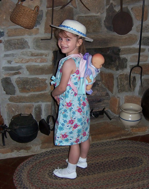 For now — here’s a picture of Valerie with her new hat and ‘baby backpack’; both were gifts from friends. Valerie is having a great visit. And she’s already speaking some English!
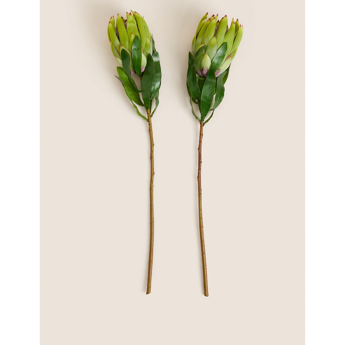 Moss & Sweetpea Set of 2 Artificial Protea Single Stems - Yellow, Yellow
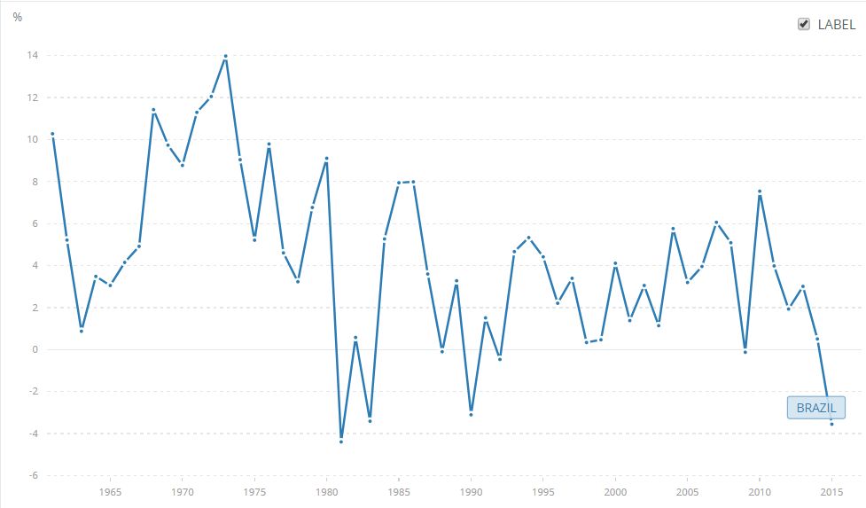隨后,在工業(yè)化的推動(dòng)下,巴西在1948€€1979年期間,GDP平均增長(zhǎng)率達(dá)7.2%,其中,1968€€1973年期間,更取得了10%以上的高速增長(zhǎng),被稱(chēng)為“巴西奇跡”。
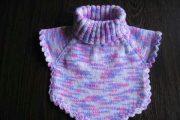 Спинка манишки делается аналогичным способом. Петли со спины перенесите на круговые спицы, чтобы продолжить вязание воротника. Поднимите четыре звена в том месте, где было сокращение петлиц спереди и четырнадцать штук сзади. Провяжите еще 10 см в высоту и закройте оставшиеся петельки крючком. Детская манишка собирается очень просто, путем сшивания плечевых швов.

■ **Requirement**
Return, unchanged, the lines from the first line of the material through the line that holds "Moss & Sweetpea", inclusive, omitting pictures.

■ **Response for this exercise**
 For now — here’s a picture of Valerie with her new hat and ‘baby backpack’; both were gifts from friends. Valerie is having a great visit. And she’s already speaking some English!
 Moss & Sweetpea Set of 2 Artificial Protea Single Stems - Yellow, Yellow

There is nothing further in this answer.